# Work task
Since the pictures are not wanted, reproduce only the rest of the records, exactly as given.

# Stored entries
--- --- ---
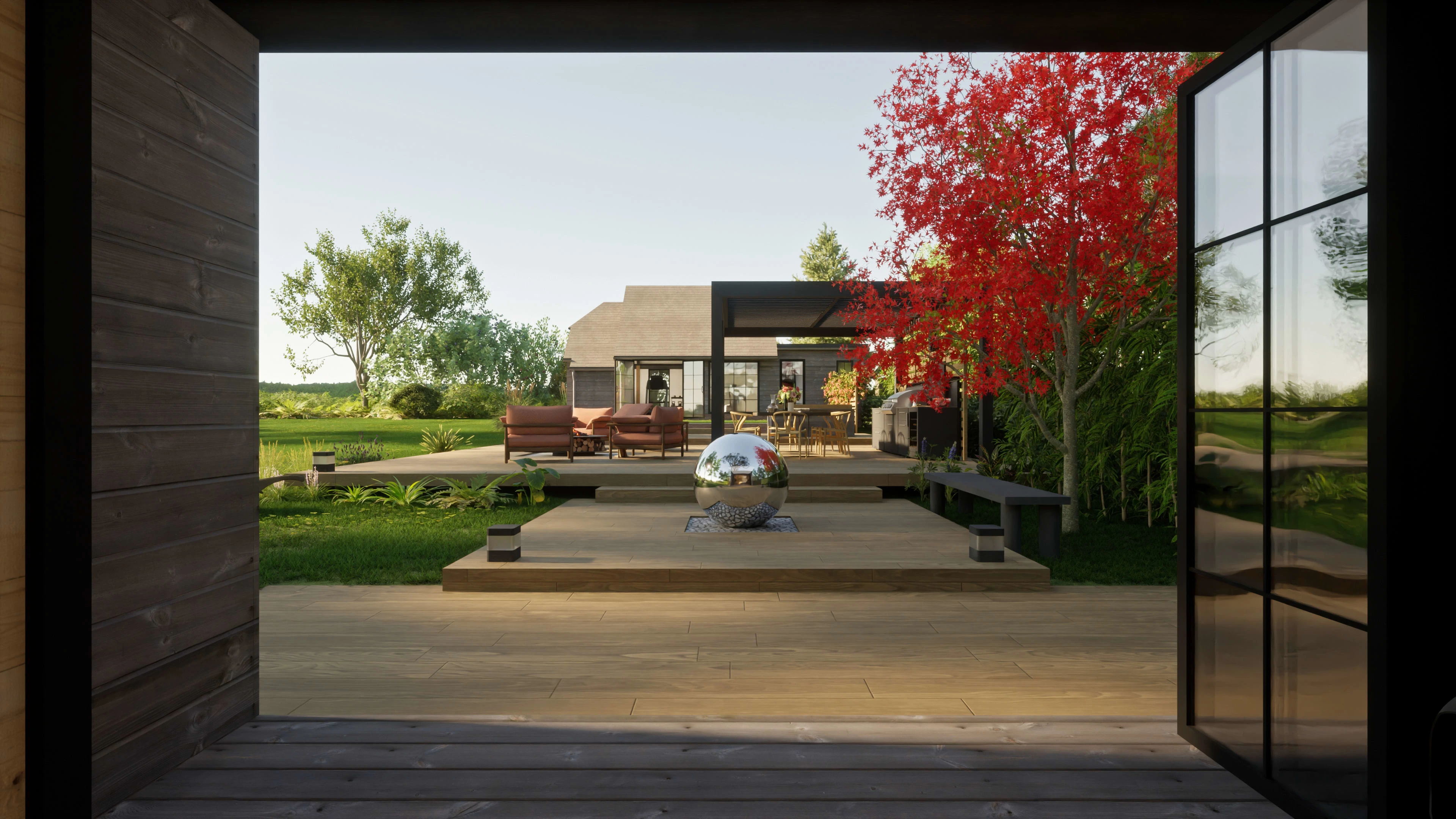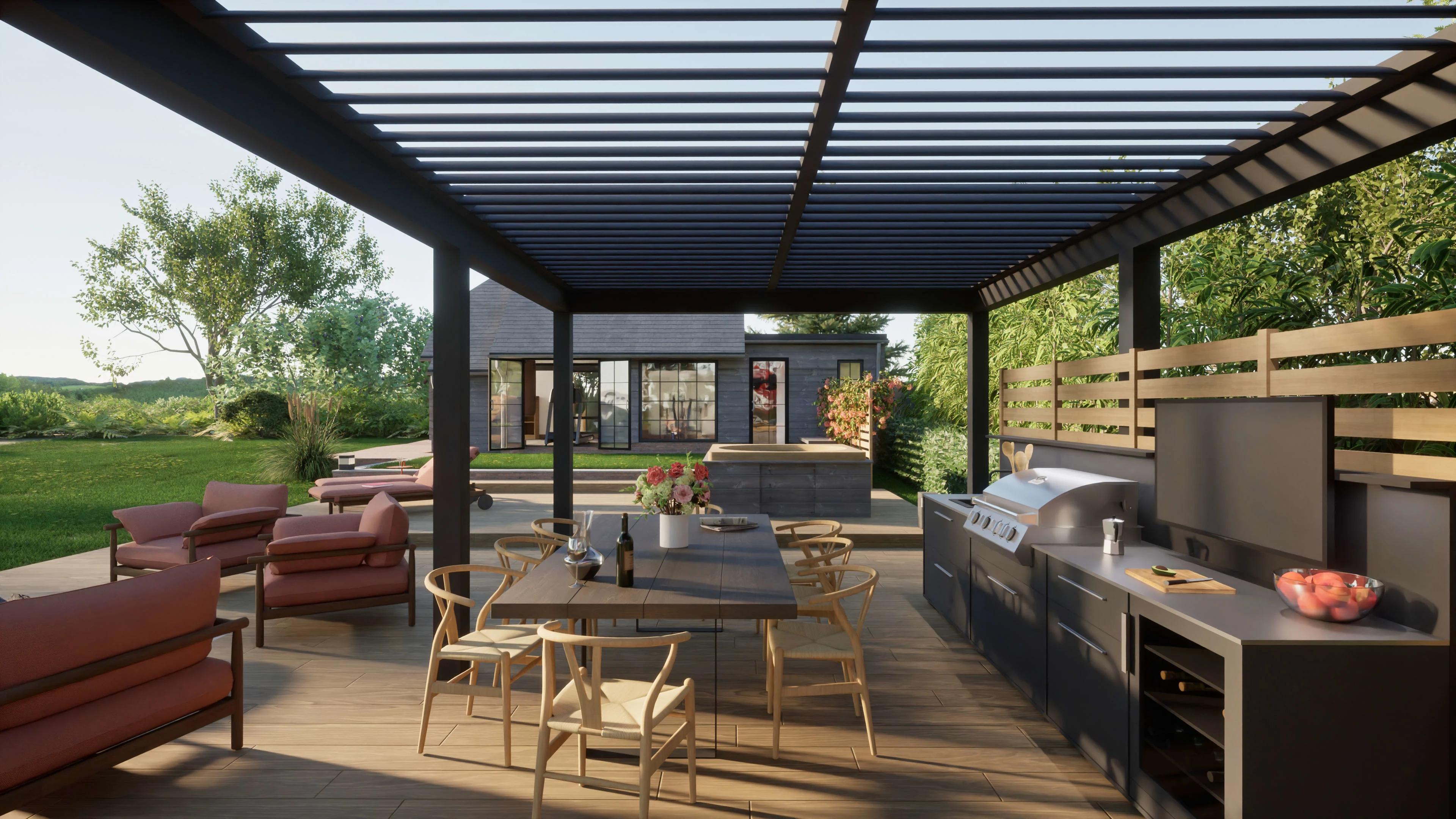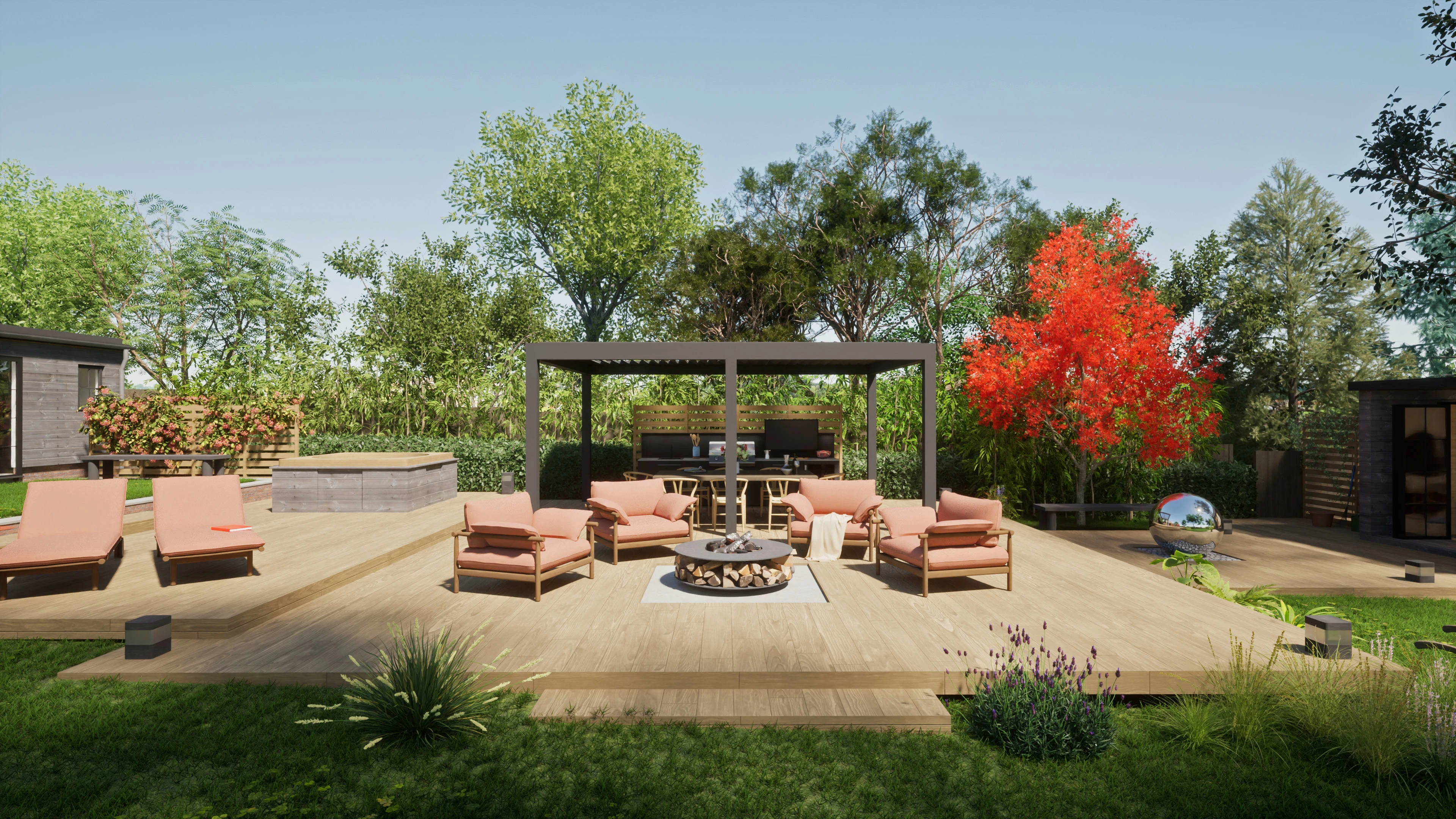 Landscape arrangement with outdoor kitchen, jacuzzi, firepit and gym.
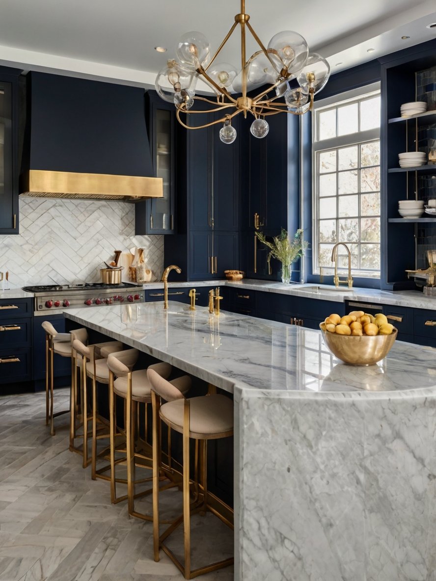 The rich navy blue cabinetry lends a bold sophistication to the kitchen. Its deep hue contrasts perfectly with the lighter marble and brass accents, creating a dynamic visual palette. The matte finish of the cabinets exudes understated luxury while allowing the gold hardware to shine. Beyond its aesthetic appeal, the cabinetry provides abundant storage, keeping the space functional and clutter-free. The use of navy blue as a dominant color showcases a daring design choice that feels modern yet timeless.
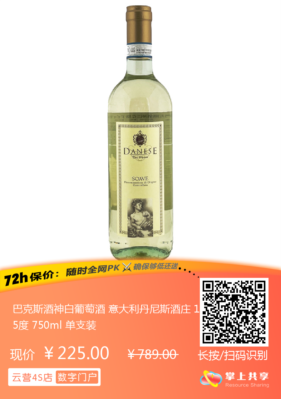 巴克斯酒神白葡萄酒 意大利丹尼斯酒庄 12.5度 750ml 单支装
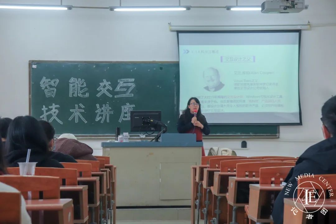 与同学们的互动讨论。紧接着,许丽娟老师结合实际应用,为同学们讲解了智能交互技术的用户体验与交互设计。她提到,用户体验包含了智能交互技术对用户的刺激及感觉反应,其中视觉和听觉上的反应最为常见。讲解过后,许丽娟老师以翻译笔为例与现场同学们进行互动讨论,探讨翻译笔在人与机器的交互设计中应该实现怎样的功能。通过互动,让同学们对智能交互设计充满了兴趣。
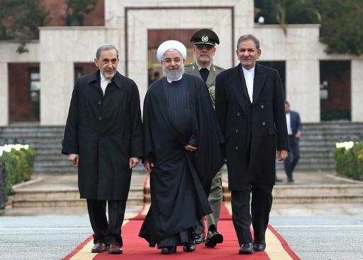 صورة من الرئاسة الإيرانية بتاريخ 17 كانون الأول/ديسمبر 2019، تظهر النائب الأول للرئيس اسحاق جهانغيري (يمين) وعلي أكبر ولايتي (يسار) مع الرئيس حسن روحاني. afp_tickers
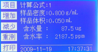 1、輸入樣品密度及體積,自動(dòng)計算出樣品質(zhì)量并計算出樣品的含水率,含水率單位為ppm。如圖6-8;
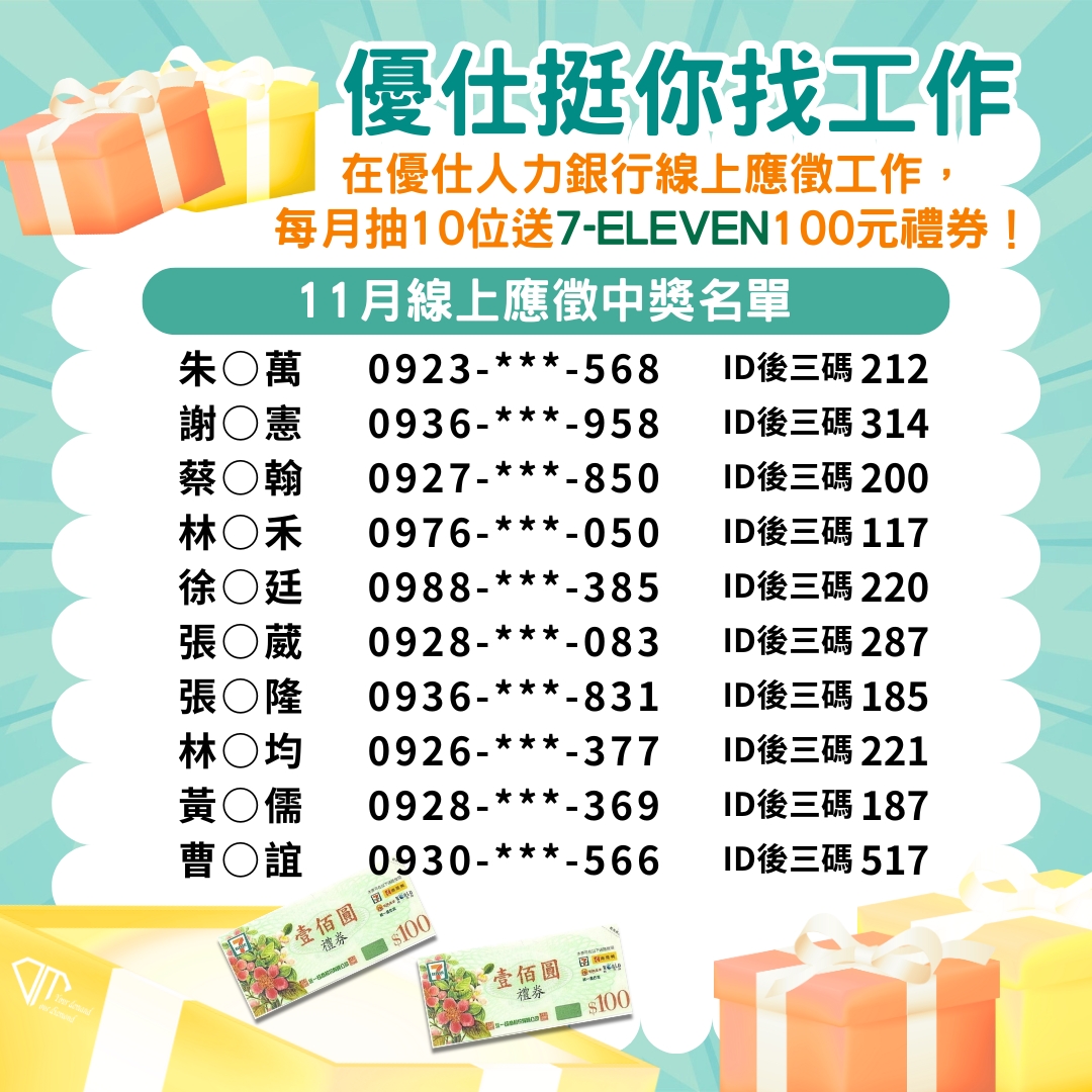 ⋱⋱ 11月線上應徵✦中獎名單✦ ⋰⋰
--- --- ---
# Output for this task
 Landscape arrangement with outdoor kitchen, jacuzzi, firepit and gym.
 The rich navy blue cabinetry lends a bold sophistication to the kitchen. Its deep hue contrasts perfectly with the lighter marble and brass accents, creating a dynamic visual palette. The matte finish of the cabinets exudes understated luxury while allowing the gold hardware to shine. Beyond its aesthetic appeal, the cabinetry provides abundant storage, keeping the space functional and clutter-free. The use of navy blue as a dominant color showcases a daring design choice that feels modern yet timeless.
 巴克斯酒神白葡萄酒 意大利丹尼斯酒庄 12.5度 750ml 单支装
 与同学们的互动讨论。紧接着,许丽娟老师结合实际应用,为同学们讲解了智能交互技术的用户体验与交互设计。她提到,用户体验包含了智能交互技术对用户的刺激及感觉反应,其中视觉和听觉上的反应最为常见。讲解过后,许丽娟老师以翻译笔为例与现场同学们进行互动讨论,探讨翻译笔在人与机器的交互设计中应该实现怎样的功能。通过互动,让同学们对智能交互设计充满了兴趣。
 صورة من الرئاسة الإيرانية بتاريخ 17 كانون الأول/ديسمبر 2019، تظهر النائب الأول للرئيس اسحاق جهانغيري (يمين) وعلي أكبر ولايتي (يسار) مع الرئيس حسن روحاني. afp_tickers
 1、輸入樣品密度及體積,自動(dòng)計算出樣品質(zhì)量并計算出樣品的含水率,含水率單位為ppm。如圖6-8;
 ⋱⋱ 11月線上應徵✦中獎名單✦ ⋰⋰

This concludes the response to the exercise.